I felt something else too, something other than relief. It felt heavier than just the fatigue of a hard race weekend. I felt exhausted like something had snapped, and a small part of me feared that I would never be able to repeat those “near perfect” races again.

Over the next two years, I never achieved a better result at World Junior trials.

I finished my junior career completely devastated. I felt like a burnt-out failure. I went from being one of the top skiers in the country for my age and having top grades at school, to redefining again and again what rock bottom in both athletics and academics could mean for me. Nothing else mattered, yet at the same time, I couldn’t muster the drive I once had. “Shoot for the moon. Even if you miss, you’ll land amongst the stars,” they say. Nope, I hadn’t even made it through the atmosphere and had already crash landed back on earth in a fiery wreck. Thanks, physics.

I no longer believed in myself. I didn’t understand anything about my training or why I wasn’t racing fast. I struggled a great deal with my mental health, and among other things, believed I wasn’t physically talented enough to succeed as a cross country skier.

Going into my first year as a senior, I decided to make some changes. I began with trying to understand myself better, and for a couple of months I saw a fantastic psychologist in Ottawa. I then looked for new development opportunities, and after exchanging some emails with the head coach of a small club in Norway, I moved a few thousand kilometers from home and joined Asker Skiklubb. I was tired of not knowing how to get faster, and so I decided to go right to the home of some of the best skiers in the world to learn from them. If they couldn’t show me how to ski fast, then no one could.

What I learned in my first year in Norway, blew my mind. Even the youngest athletes on my team, a few years younger than me, already had an impressive sense of how their bodies responded to training and what they had to do to become better. Everyone I trained with wrote their own training programs, something that was nigh unheard of back home. I also began writing my own plan, and that’s when the learning began in earnest. More importantly, I built up confidence in myself, not by believing harder, but by learning that there were things I could do to get faster.

I’ve made huge improvements as a skier in the almost two years since I moved to Norway. I’ve also made more mistakes in training than I did in the previous nine years combined, but that’s the only way to learn. My first year here I think I made about 95% of all the mistakes I possibly could have made. Going into my second season, I thought I had it all figured out. I made even bigger improvements, going from struggling to crack the top 130 on Norwegian Cups and being five minutes off the winner on an incredible day, to coming 48th in my best Norwegian Cup 15k of the year, just 2:35min back. I was also sick for 46 days and often pushed my body at the wrong times. I still felt like I was making one mistake for every success I had in training, but I don’t regret anything.
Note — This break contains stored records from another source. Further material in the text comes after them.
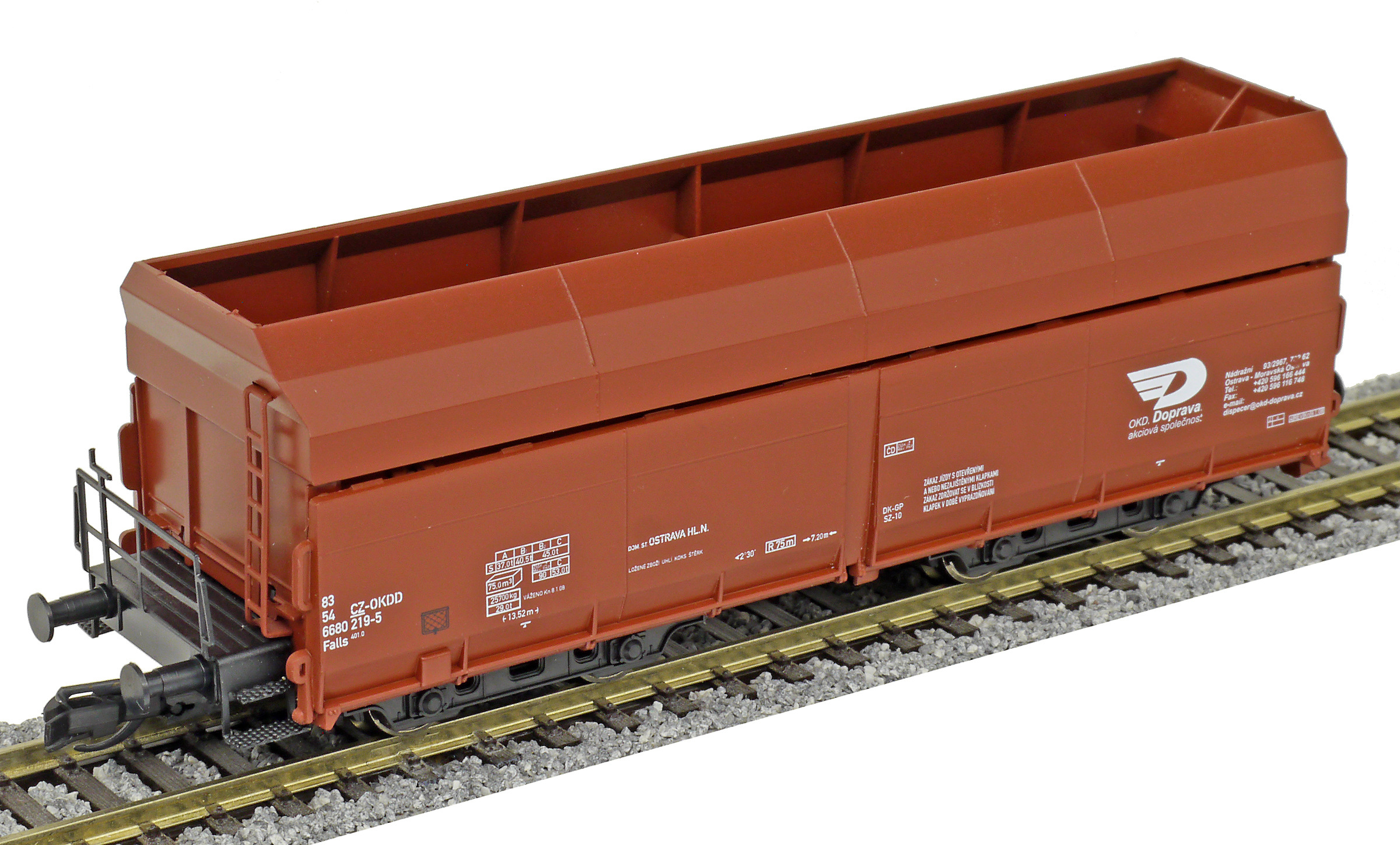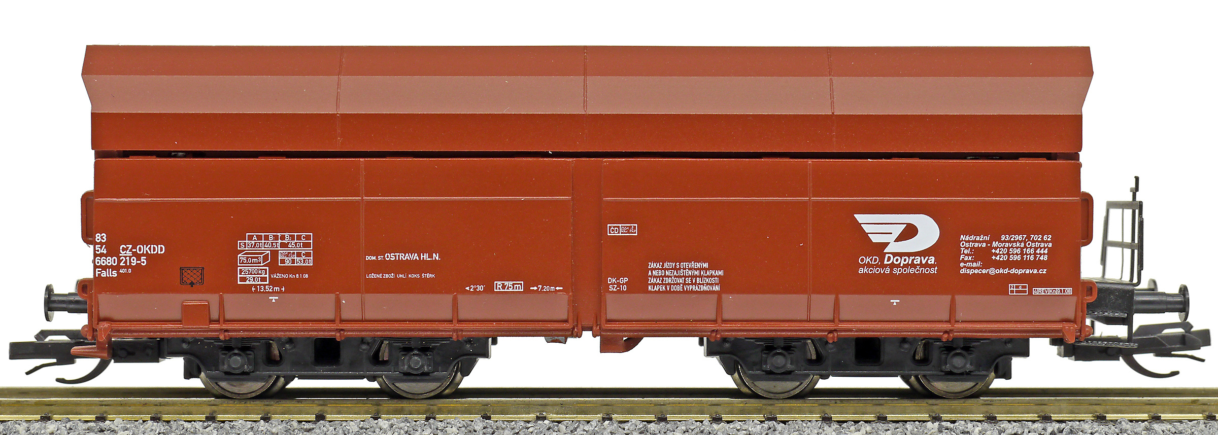 Popis   nákladní samovýsypný vůz červenohnědý „OKD Doprava“
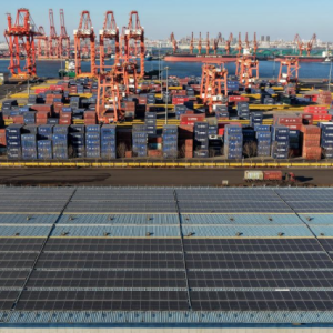这是12月25日拍摄的唐山市海港经济开发区一家企业厂房屋顶上的光伏发电板(无人机照片)。 近年来,河北省唐山市海港经济开发区坚持绿色发展理念,引导企业利用厂房屋顶建设分布式光伏…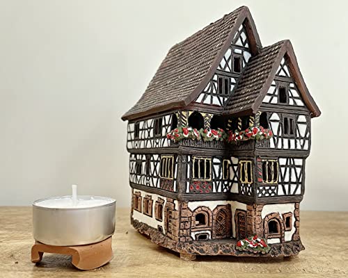 Ceramic Miniature Replica of The Original House in Kaysersberg, France, Tea Light Candle Holder Home Decor Small Clay Tiny House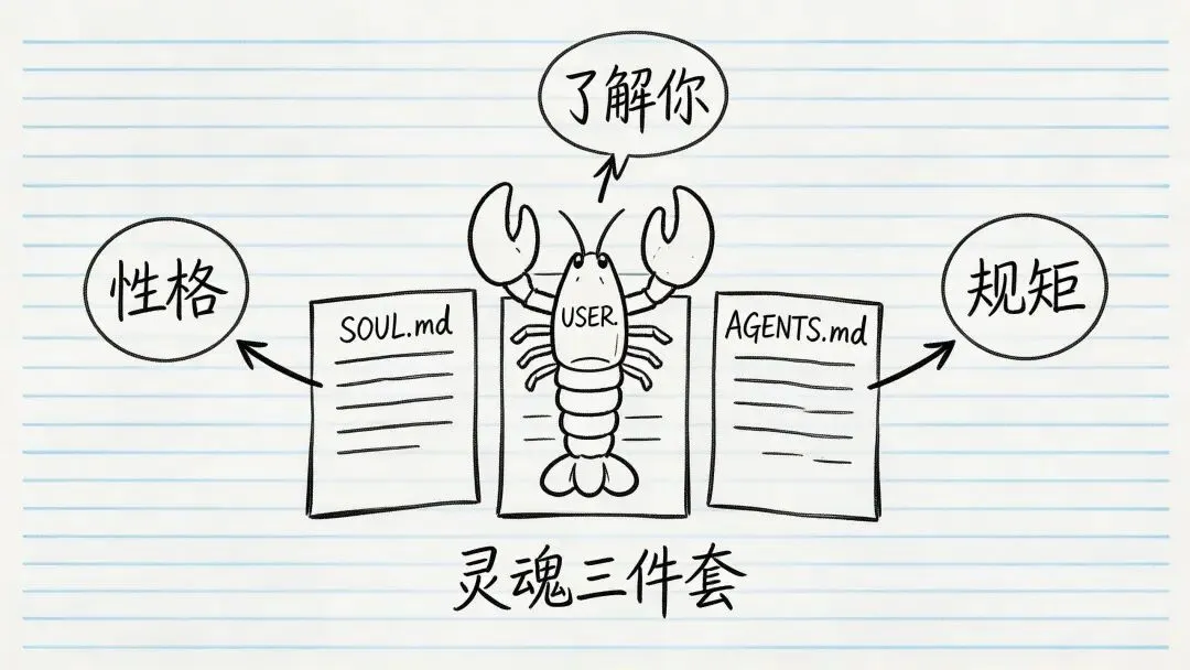 SOUL.md管"它是谁",USER.md管"你是谁",AGENTS.md管"怎么干活"。遵循"最小必要"原则,50行以内就够了——龙虾每次对话都要读一遍人设文件,写太长反而浪费Token。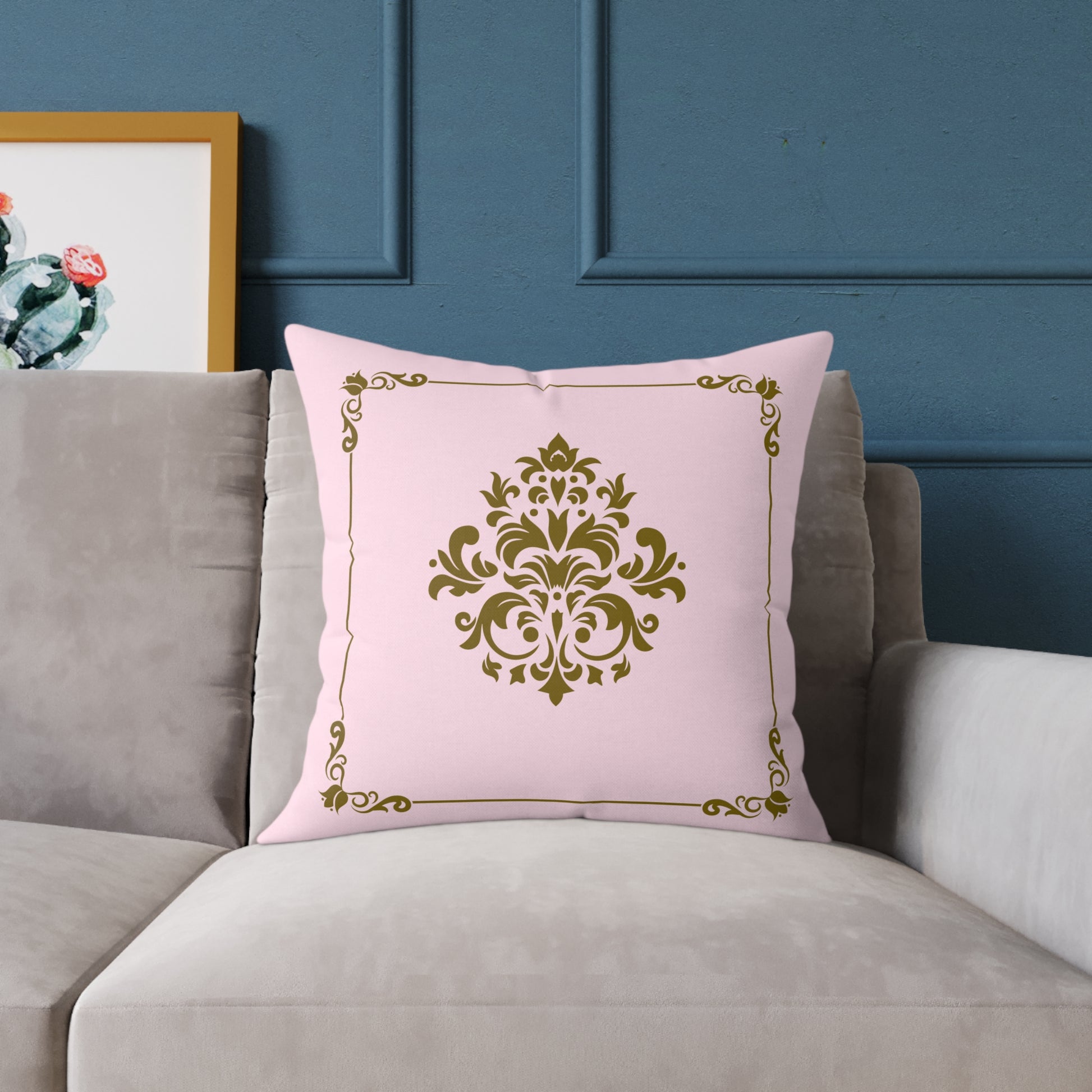 Brighten your home with this Gilded Pink Reversible Decorative Pillow , featuring a two-sided design for versatile styling. One side showcases a classic damask motif, while the other side highlights a gold butterfly, adding a whimsical yet elegant touch to any space.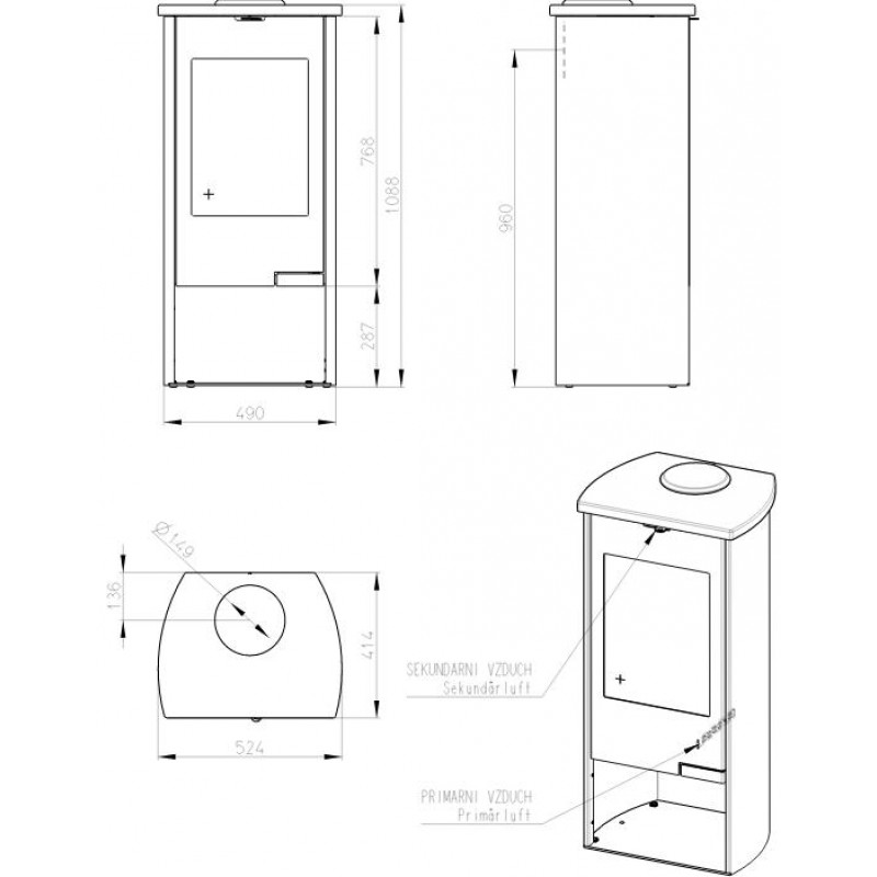 • přívod sekundárního vzduchu, díky kterému je sklo dvířek omýváno, a tak nedochází k usazování nečistot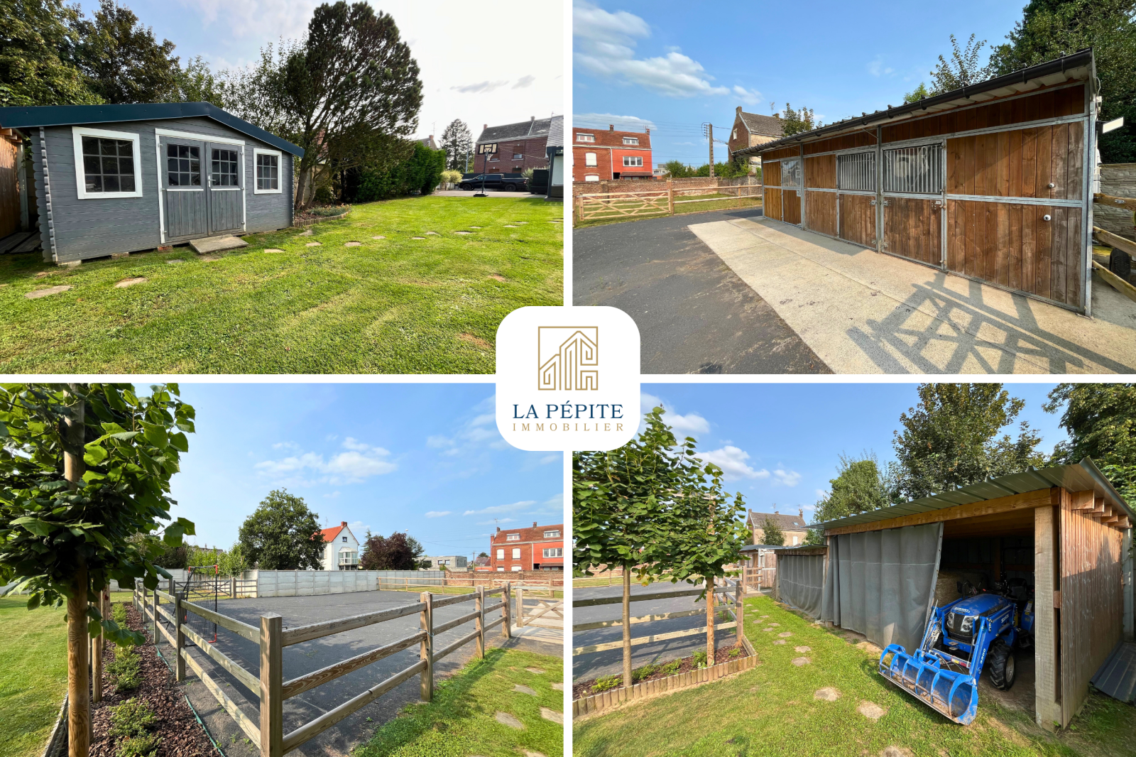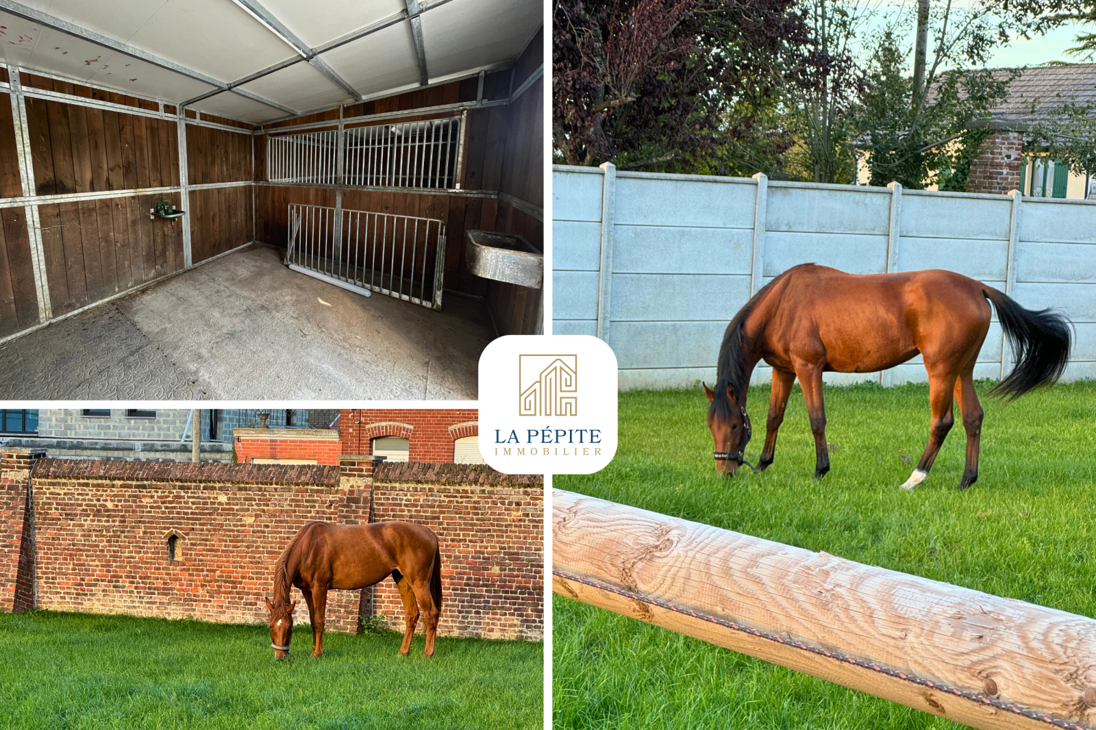 La partie équestre avec un paddock entièrement constitué de dalles de stabilisation, une prairie et trois boxs modernes aux normes avec électricité et abreuvoirs automatiques.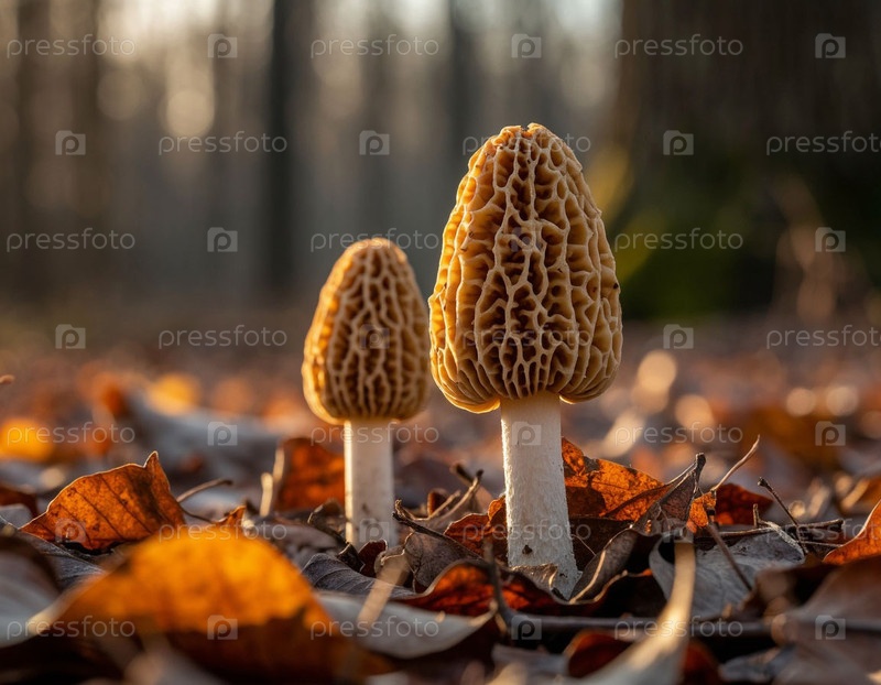Морельские грибы крупным планом в лесу. Генерируется ИИ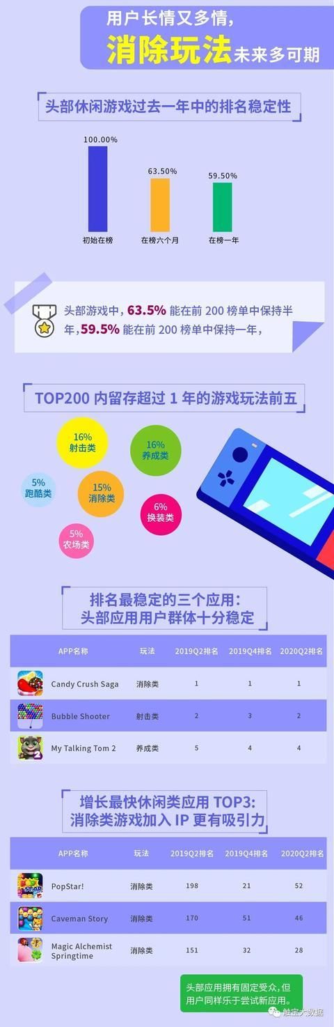 头部游戏中,63.5%能在Top 200榜单中保持半年,59.5%能在Top 200中保持一年。在榜单留存超过一年的游戏中,主要玩法包括射击类、养成类、消除类、换装类、跑酷类和农场类。

I was pushing my boundaries, exceeding them, and learning.

Now I’m starting my third season in Norway and my second season training with Team Norconsult, a private team based out of Asker where I have been given the opportunity of a lifetime to train with some of Norway’s most promising young skiers. Four of my teammates declined offers from the Norwegian National Recruit Team this year. This is pretty much unheard of, and there was a big article published to NRK (Norway’s national news publication) where various World Cup skiing “experts” weighed in on what these decisions meant for the future of skiing in Norway. Whoa.

It’s special for me to be here, but it’s not something that every skier can do, and what sometimes keeps me up at night is the fact that I’m not back in Canada doing my part in making Canadian skiing more competitive. I don’t pretend to be a critical part of Canadian skiing, but in a country where the field of senior men is rarely more than 30, everyone racing plays an important part in the top results that our best skiers achieve internationally. However, I believe that I am able to make more of a difference for Canada by being in Norway right now. Seeing how the Norwegians train makes me realize how much potential we have in North America, if only we are willing to try new things.

To do that we need to work together more and make knowledge about high-level ski racing easily available to everyone. I moved to Norway barely believing that I was physically gifted enough to succeed as a skier anymore. Now I don’t believe in that crap, not because I was told by someone that “I can do anything if only I believe hard enough”, but because of the many unique individuals I have seen in Norway race at a high level because of the way they trained. Not because of how they were born.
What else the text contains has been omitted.